From e20cbcd2e8b07ac51931f223d8ee31b964be909c Mon Sep 17 00:00:00 2001
From: Reid Johnson <reidj@zillowgroup.com>
Date: Sat, 14 Sep 2024 04:54:02 -0700
Subject: [PATCH] Update example plots

---
 docs/sphinx_requirements.txt               |   2 +
 examples/plot_qrf_huggingface_inference.py | 194 +++++++++++++++------
 examples/plot_qrf_interpolation_methods.py |   4 +-
 examples/plot_qrf_multitarget.py           |  13 +-
 4 files changed, 149 insertions(+), 64 deletions(-)

diff --git a/docs/sphinx_requirements.txt b/docs/sphinx_requirements.txt
index 826e7ba..494024f 100644
--- a/docs/sphinx_requirements.txt
+++ b/docs/sphinx_requirements.txt
@@ -1,5 +1,6 @@
 sphinx
 altair
+geopandas
 numpydoc
 pillow
 pydata_sphinx_theme
@@ -8,4 +9,5 @@ skops
 sphinxcontrib.bibtex
 sphinx-design
 sphinxext-altair
+vega-datasets
 vl-convert-python
diff --git a/examples/plot_qrf_huggingface_inference.py b/examples/plot_qrf_huggingface_inference.py
index 01f3b47..36dc25c 100755
--- a/examples/plot_qrf_huggingface_inference.py
+++ b/examples/plot_qrf_huggingface_inference.py
@@ -3,28 +3,30 @@
 ==============================================
 
 This example demonstrates how to download a trained quantile regression forest
-(QRF) model from Hugging Face Hub and use it to estimate new quantiles. In
-this scenario, a QRF has been trained with default parameters on a train-test
-split of the California housing dataset and uploaded to Hugging Face Hub. The
-model is downloaded and used to perform inference across several quantiles for
-each dataset sample. The results are visualized by the latitude and longitude
-of each sample. The model used is available on Hugging Face Hub
+(QRF) model from Hugging Face Hub and use it to estimate quantiles. In this
+scenario, a QRF has been trained with default parameters on the California
+Housing dataset using k-fold cross-validation and uploaded to Hugging Face
+Hub. The model is downloaded and used to perform inference across multiple
+quantiles for each sample in the dataset. The predictions are aggregated by
+county based on the latitude and longitude of each sample and visualized.
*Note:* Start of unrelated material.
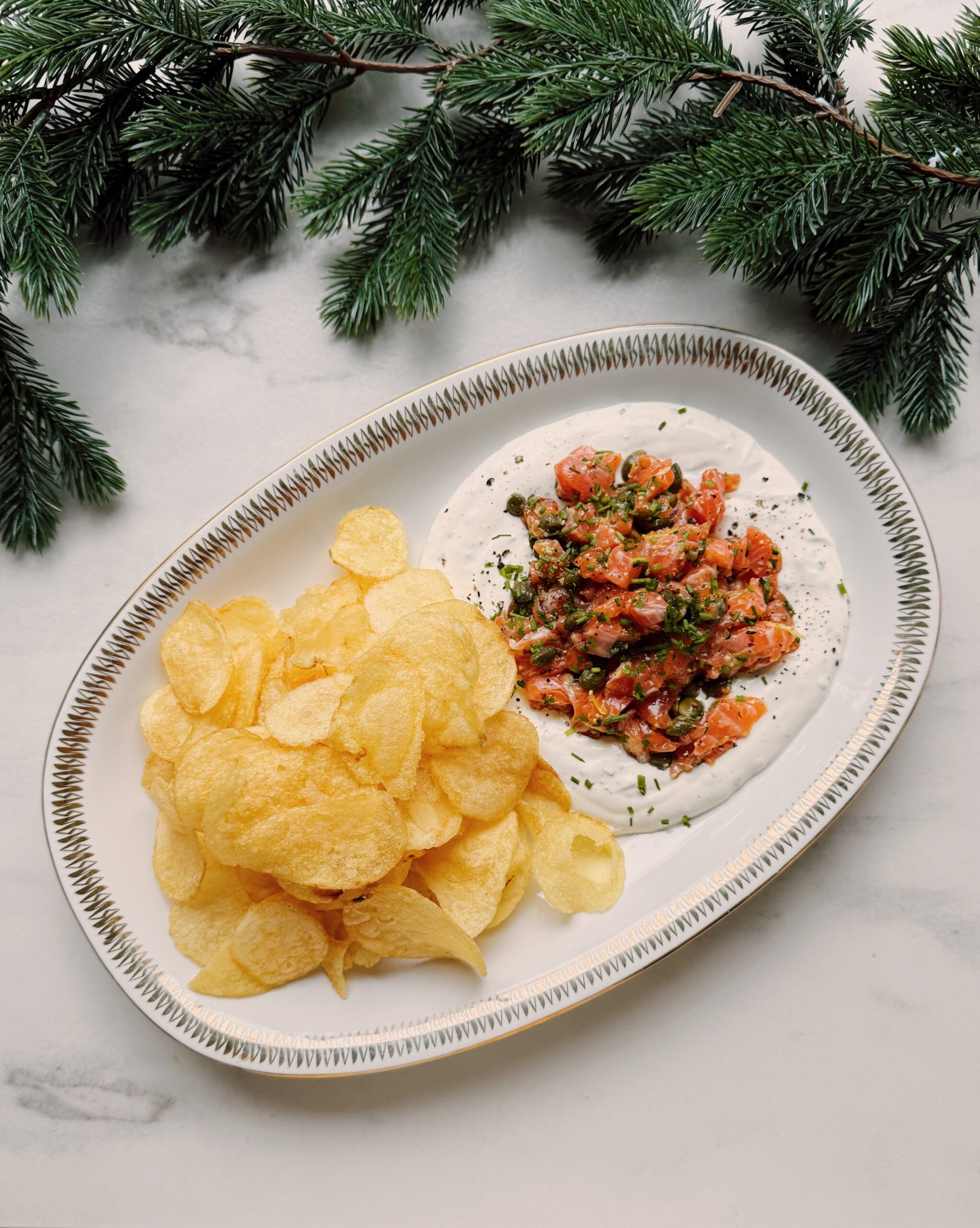 Elegantti lohitartar-dippi on täydellinen suupala loppuvuoden kekkereihin, tai isänpäivän pöytään, kun haluat hemmotella isää jollain erityisellä. Kokeile myös suussa sulavaa kylmäsavulohicarpacciota.

+The trained model is available on Hugging Face Hub
 `here <https://huggingface.co/quantile-forest/california-housing-example>`_.
 """
 
 import os
-import pickle
 import shutil
 import tempfile
 
 import altair as alt
+import geopandas as gpd
+import joblib
 import numpy as np
 import pandas as pd
 from sklearn import datasets
+from sklearn.base import BaseEstimator, RegressorMixin, clone
+from sklearn.model_selection import KFold
 from skops import hub_utils
-
-import quantile_forest
-from quantile_forest import RandomForestQuantileRegressor
+from vega_datasets import data
 
 alt.data_transformers.disable_max_rows()
 
@@ -33,8 +35,53 @@
 load_existing = True
 
 random_state = np.random.RandomState(0)
-quantiles = np.linspace(0, 1, num=5, endpoint=True).round(2).tolist()
-sample_frac = 1
+quantiles = np.linspace(0, 1, num=21, endpoint=True).round(2).tolist()
+
+
+class CrossValidationPipeline(BaseEstimator, RegressorMixin):
+    """Cross-validation pipeline for scikit-learn compatible models."""
+
+    def __init__(self, base_model, n_splits=5, random_state=None):
+        self.base_model = base_model
+        self.n_splits = n_splits
+        self.random_state = random_state
+        self.fold_models = {}
+        self.fold_indices = {}
+
+    def fit(self, X, y):
+        """Fit the model using k-fold cross-validation."""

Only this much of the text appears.